Results & Observations
Note: The image conditions used for testing here are not from the training set. The sampling settings are 16 steps of dpmpp_2m with guidance=5. The conditions are cherry-picked to prevent explicit images; the generated images are not cherry-picked in any way.
First off, I will not pretend that this model is better than existing models. It cannot create fine details and often struggles with anatomy. I consider it worse than the early SD1 models. It does adhere to prompts pretty well, which is the whole point. Almost a bit too well.
The tag encoding ended up being more specific than I expected. It appears to be able to provide more information than a list of tags, including some of the palette, the composition and the style. At a glance, it is counterintuitive that a 1024 element vector can be as informative as a (77+ * 768+) element tensor. But in retrospect it is kind of obvious since a 1024D vector encodes a distribution of tags whereas a list of tags is merely a sample from the distribution.
One might worry that conditioning on tag encodings from only images with aspect ratio 8:11 might prevent the model from using encodings from wider images. Fortunately, the model is able to interpret the tags regardless of the aspect ratio (the last two examples above).
The tiny condition generator also works pretty nicely. It's pleasantly surprising to see how well a simple three linear layer model can synthesize coherent scenes, and how consistent the diffusion model render the scene.
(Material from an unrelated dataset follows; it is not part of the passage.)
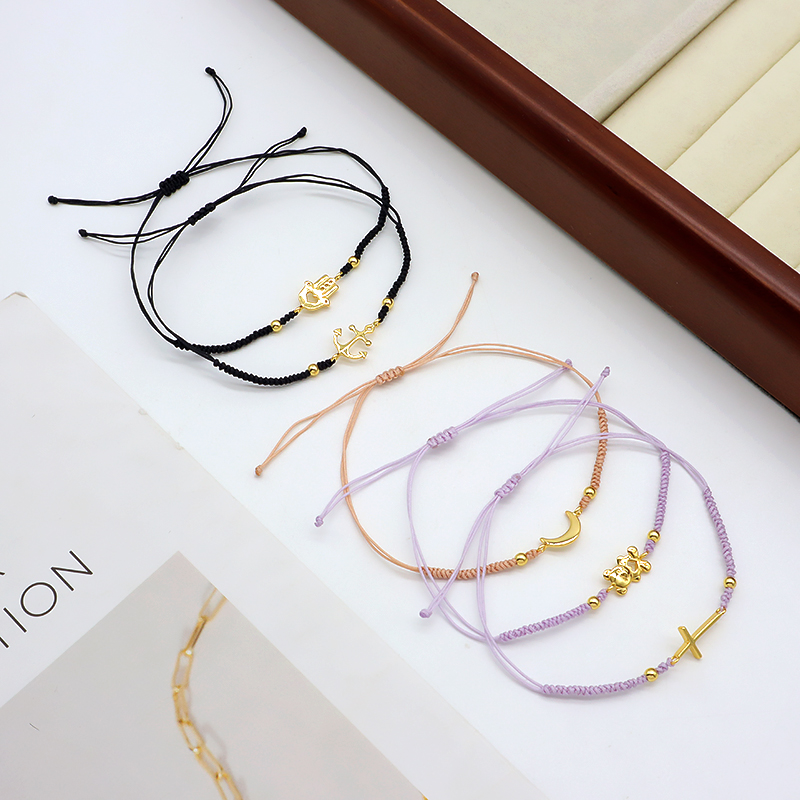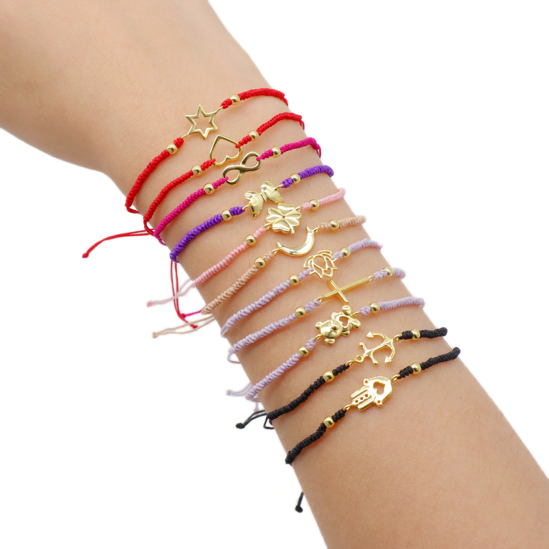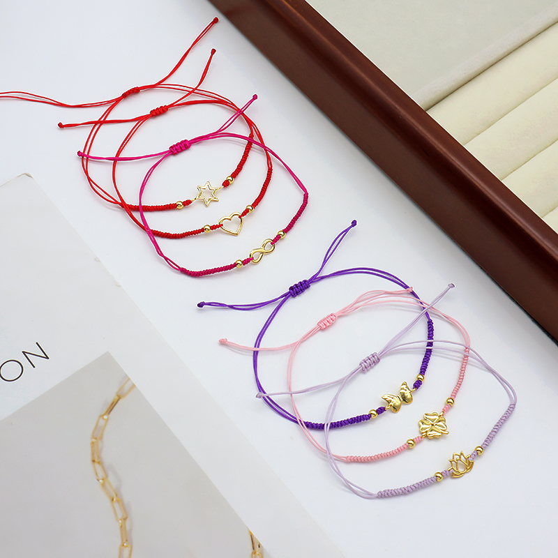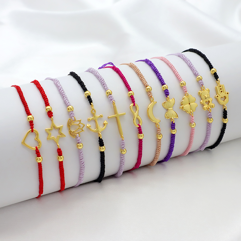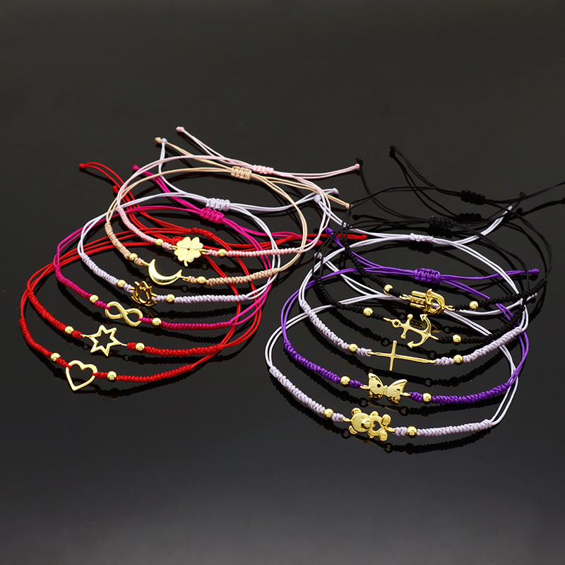 Custom Handmade OEM Adjustable Hand-Woven Thread Plated Gold 925 Sterling Silver Charms Braided Colorful Cotton Wire Bracelet

Each row of 4 images share the same VAE-generated tag condition. |
---|
One last thing I want to note is how fast this little model runs. I'm getting an inference speed of 79 it/s @512x704 on my 4060 Ti machine without clever optimizations, which is >6 times as fast as SD1 models @512x512 according to benchmarks. This makes doing the tests a breeze.
Conclusions & Next steps
Overall, I'm quite satisfied with the results. I kind of went in not expecting this to work but it did achieve something. Most importantly, the results suggest that:
- Creating anime models do not require web-pretrained models; ImageNet models suffice
- Tag conditioning does not require text encoders or cross attention
The obvious direction now is to continue training with more images or perhaps scaling up the model, however I don't really have the compute resource for all that. Besides that, the first problem I'd like to address is adding actual conditional generation of conditions, so the model can be used like conventional models. After that, there are still stuff related to image conditioning that I'd like to see fixed, for example, content-style-quality interactions and character/outfit conditioning in general.